America’s freedom of choice except for choice of privacy Part 1

Electroinc safe

This new periodic series looks to discuss what looks to be an ongoing battle between not only Apple and the FBI, but any company who wishes to provide privacy and security to their customers. It can come in any combination of hardware and software. So this series looks to highlight that passionate battle and where it looks to go and all the possible implications.

This story has passionate arguments on both sides, and the world can thank Edward Snowden for opening the world’s eyes as to just how exposed we are. But before we start we must disclose that we are siding on the side of privacy as would most people. We understand that prying eyes are prying eyes no matter if it is someone looking to steal your identity, drain your bank account, or just listen to private conversations. Technology is blind as to the reason for wanting to do this, and that is the heart of the matter.
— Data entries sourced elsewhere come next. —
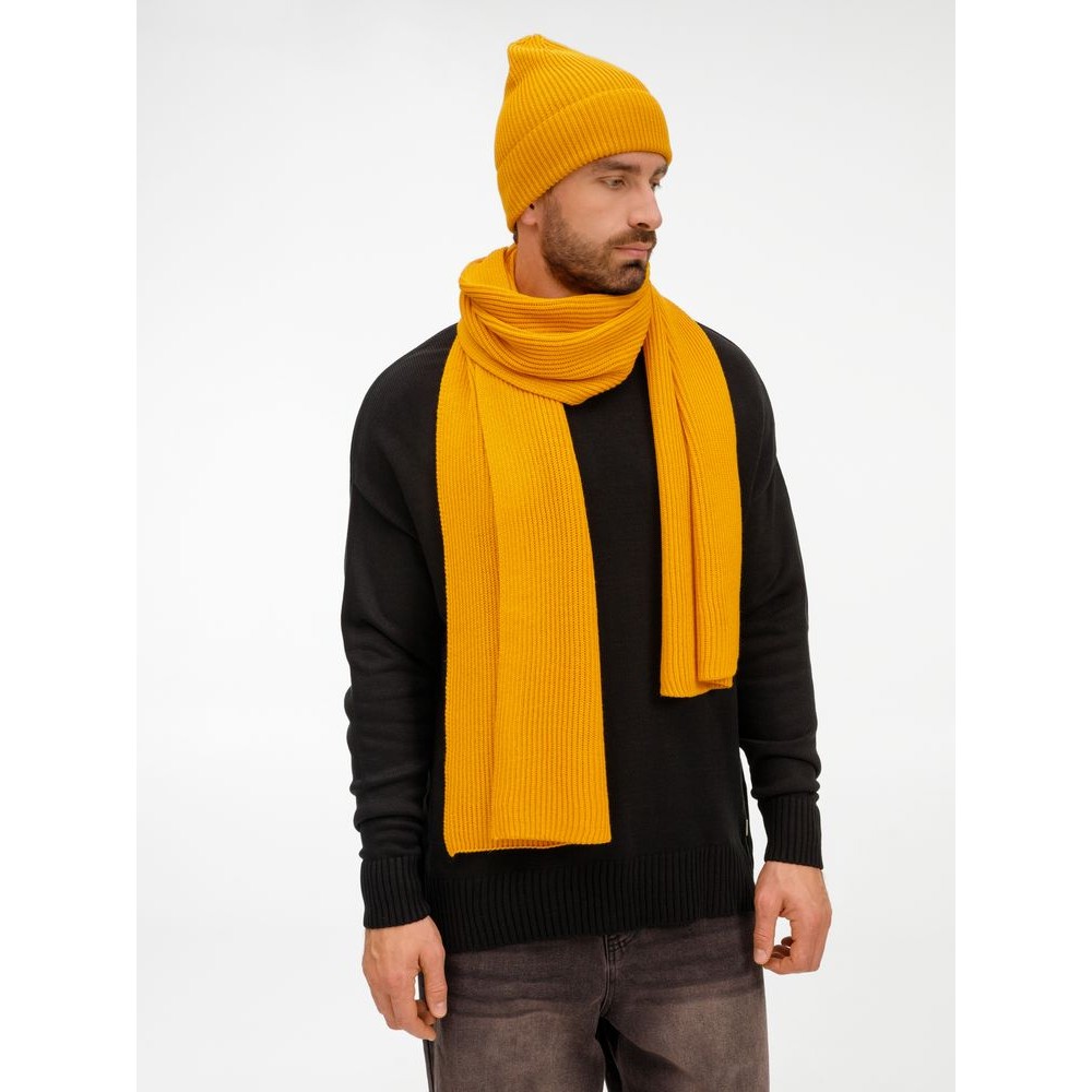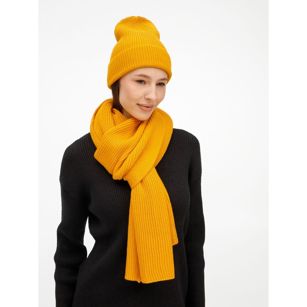 Удлиненная шапка с широким отворотом и фактурной вязкой мягко облегает голову, создавая элегантный силуэт. Широкий шарф с выразительным рельефом позволяет экспериментировать с драпировками, добавляя образу объем и динамику. Перчатки с аккуратной резинкой на манжете обеспечивают идеальную посадку и тактильный комфорт.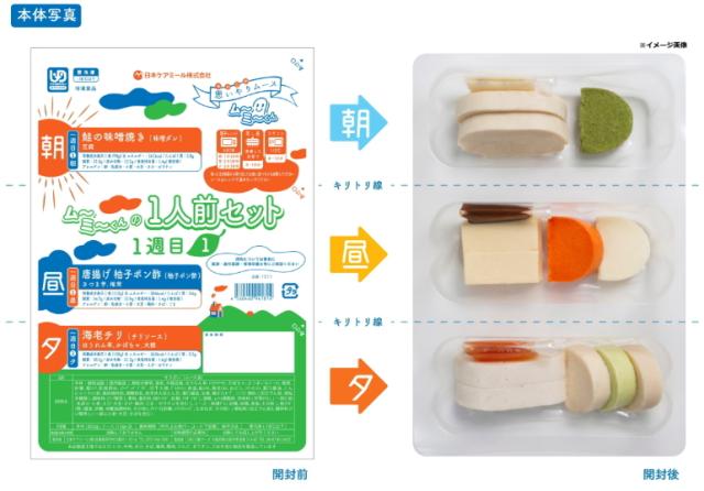 \舌でつぶせるやわらかさのムース食!1パックに朝・昼・夕食の3食分が入っています/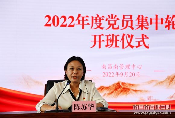 9月20至22日,南昌南管理中心举办2022年度党员集中轮训,党委书记陈苏华出席开班仪式并作动员讲话,党委委员、总经理万良红出席结业仪式并作总结讲话。轮训以视频会议形式开展,设主会场1个,分会场9个,中心190余名党员参训。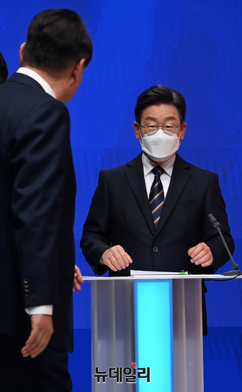 이재명 더불어민주당 대선후보가 21일 오후 서울 마포구 MBC 미디어센터에서 열린 중앙선거관리위원회 주관 첫 토론회에서 토론 준비를 하고 있다. (사진=한국인터넷신문협회)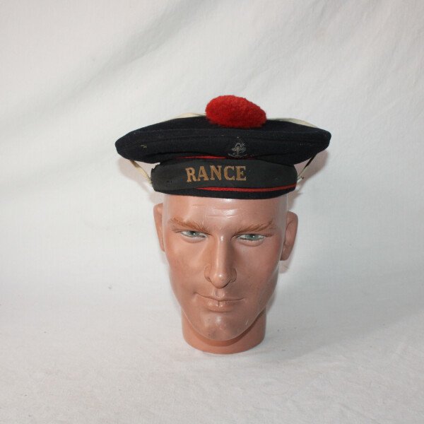 Beau bachi d'un marin du Navire Rance. Taille 56. Cerclage encore présent, ancre en canetille. Matricule présent. Défaut visible sur les photos.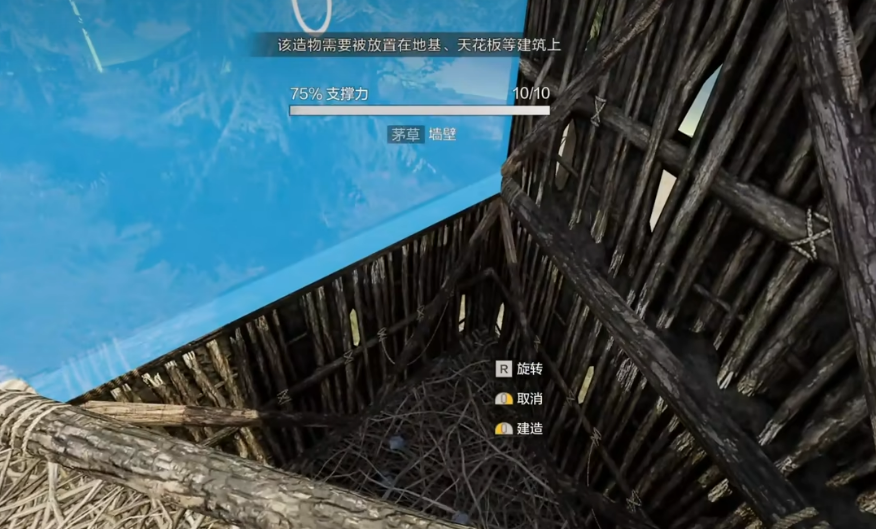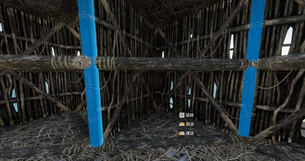 最开始的时候,咱们先建一个1x2的小房子用来开荒。进去之后在里面搭一个三角板,这样空间就会大一些,能多放几个箱子。把领地柜放好,一个简单的开荒房就完成了。等手里稍微有点材料了,就可以开始往外扩了。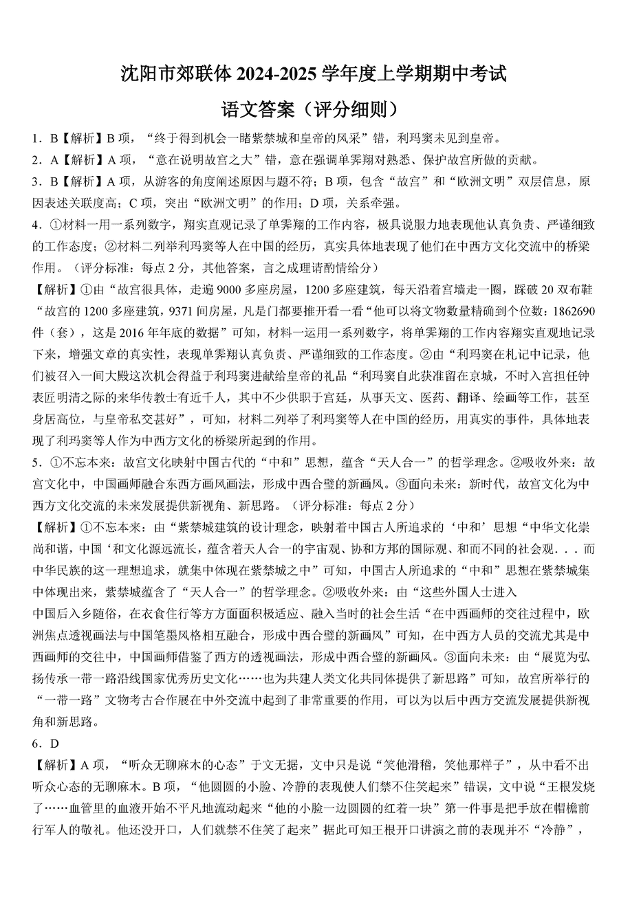 沈阳市郊联体2024-2025学年高三上学期11月期中语文考试已于近日开考,为方便考生考后及时查看考试情况,查漏补缺、弥补不足,本文整理了试题答案解析相关信息!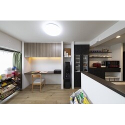 LDKを⼤きく取り、リビング内にで学習スペースや収納を盛り込みました。 キッチンスペースも⼤きく取り、アイランドにして回遊性を持たせました。 今までは、キッチンを通らなければ⾏けなかった北側の洋室はキッチンを90度向きを変えたことにより、独⽴した個室にする事ができました。こちらは防音室になっており、いつでも気兼ねなく楽器の練習ができる趣味のお部屋になりました。 各収納内部は、奥様のお好きなムーミン柄にして、お片付けも楽しくできるようになりました。

If good guys can get around privacy barriers, so can the bad guys.

Running the numbers

So let’s start off with basic math and averages to conclude the ratio of good guys to bad guys. But even before we start, common sense says there are many more bad guys than good guys. So to make this easy we will only use the United States as a sample test group.

So looking at the population as a whole it is a comfortable assumption that a Connecticut town of about 30,000 people would have a police force of about 60 people. That includes dispatchers, detectives, and patrol officers. So suddenly we have 0.002% of the population as dedicated good guys. Yes they can call in reinforcements as needed, but all we are looking to find is a day to day average. We decided on Connecticut as it was a fairly dense population balanced between rural and thriving metropolises.

As for the number of criminals, that number is much higher. Statistically 1% of the people are either sociopaths or psychopaths.  Collectively that 1% group commits 50% of the crimes. They lack all empathy and simply see people as objects. So to make things easy we simply did a Google search on the incarceration rate in the United States and discovered there are about 2.5 million people locked up for one thing or another thus working out to 0.91% of the population.

From there it was simple math to find the percentage of good guys to bad guys and we found that for every good guy, there is 455 bad guys, and even if you throw in a big statistical error in our fuzzy math, there is a significant contrast. But taking it a step further, let’s say that that only 20% of those bad guys would look to become an electronic criminal by trying to access your private data, that is still 91 bad guys to every 1 good guy.

So statistically and ironically by giving the good guys access to private data to solve one crime, you potentially expose millions to be victims of other crimes. Electronic crimes are huge hauls and not just one or two victims. So just by the common sense math you have to ask is it worth cutting off an entire arm for an infected finger. It does not take much effort to think if you may have already been the victim of an electronic crime. A short recent list includes Target Department stores, and more than a few banks for credit card data theft.

So as you will see as this series continues why we are siding with an ounce of prevention and not a pound of cure.